With test_size = 0.5
w: [0.00151761 0.00170993 0.00070853 0.00217073 0.0192217  0.14201253
 0.01807171], b: -1.2512703159215266
RMS train: 0.06186814213177347
RMS test : 0.06560652615131152



\begin{table}
\begin{tabular}{|l|c|c|c|c|c|c|}
\hline
           & \multicolumn{2}{c|}{GRE\_Score} & \multicolumn{2}{c|}{GRE\_Score, Univ\_Rating} & \multicolumn{2}{c|}{All\_Features} \\ \hline
test\_size & RMS train    & RMS test    & RMS train    & RMS test    & RMS train    & RMS test   \\ \hline
0.1        & 0.08441      & 0.08981     & 0.07728      & 0.08543     & 0.06204      & 0.07274    \\ \hline
0.25       & 0.08302      & 0.09085     & 0.07608      & 0.08404     & 0.06113      & 0.06929    \\ \hline
0.5        & 0.08581      & 0.08415     & 0.07831      & 0.07797     & 0.06187      & 0.06561    \\ \hline
\end{tabular}
\end{table}

* The RMS values for both training and testing decrease with the addition of more features. The model with all available features consistently shows the lowest RMS values across all test sizes, indicating better performance.

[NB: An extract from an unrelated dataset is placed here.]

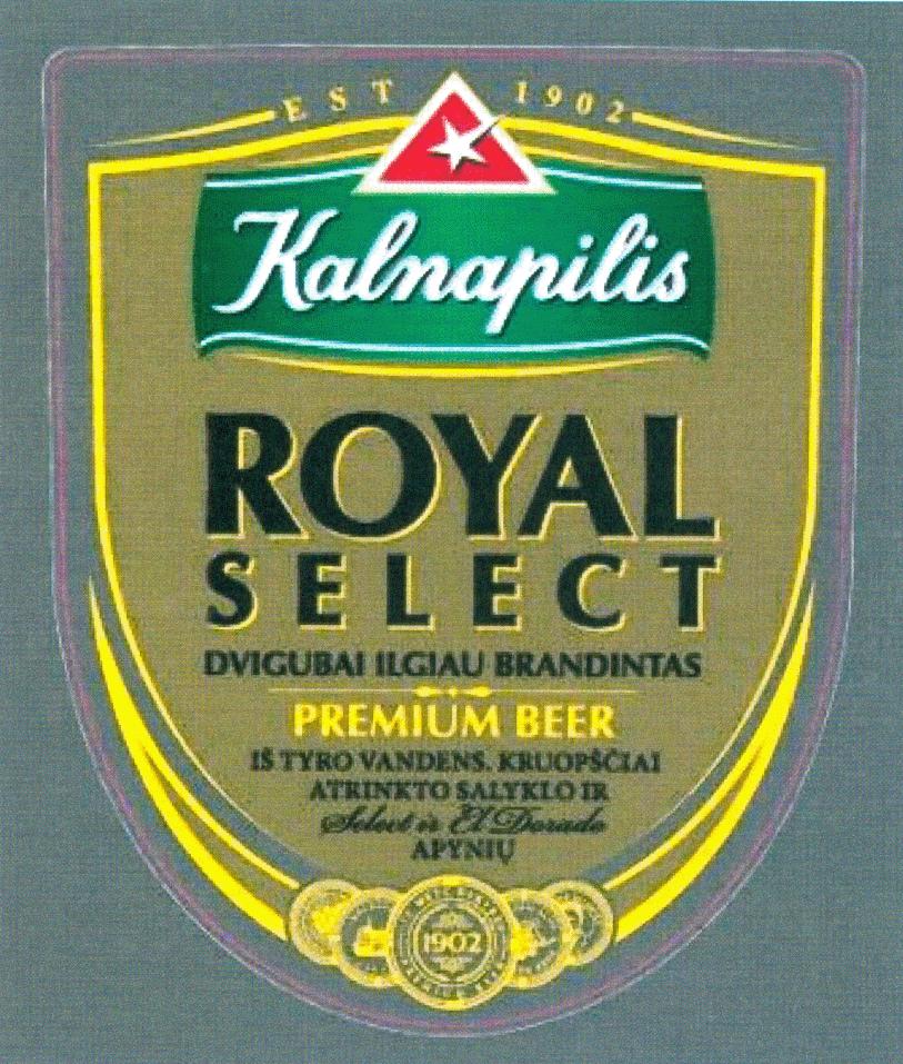 | (540) | EST 1902 Kalnapilis ROYAL SELECT DVIGUBAI ILGIAU BRANDINTAS PREMIUM BEER IŠ TYRO VANDENS. KRUOPŠČIAI ATRINKTO SALYKLO IR APYNIŲ | |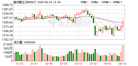 继昨日大涨之后,4月14日,A股猪肉概念再度异动,截至早间收盘,板块上涨1.83%,涨幅居概念板块前列。个股方面,正邦科技、天邦食品涨停,傲农生物涨超6%,大禹生物涨超5%,神农集团、天康生物涨超4%,新希望、巨星农牧、牧原股份、东瑞股份、唐人神、新五丰、温氏股份等多股涨超2%。

* The RMS test values tend to be higher for smaller test sizes (0.1 and 0.25) compared to the largest test size (0.5). This might indicate that the models are more generalized and perform better on larger test sets.
* The RMS train values are relatively consistent across different test sizes for each model, suggesting stable training performance regardless of the size of the test set.
* The model with all available features not only has the lowest RMS values but also shows a more consistent performance between training and testing phases, especially for larger test sets, indicating a well-balanced and robust model.
* These insights demonstrate the importance of feature selection in model performance and suggest that the inclusion of more relevant features can significantly enhance predictive accuracy.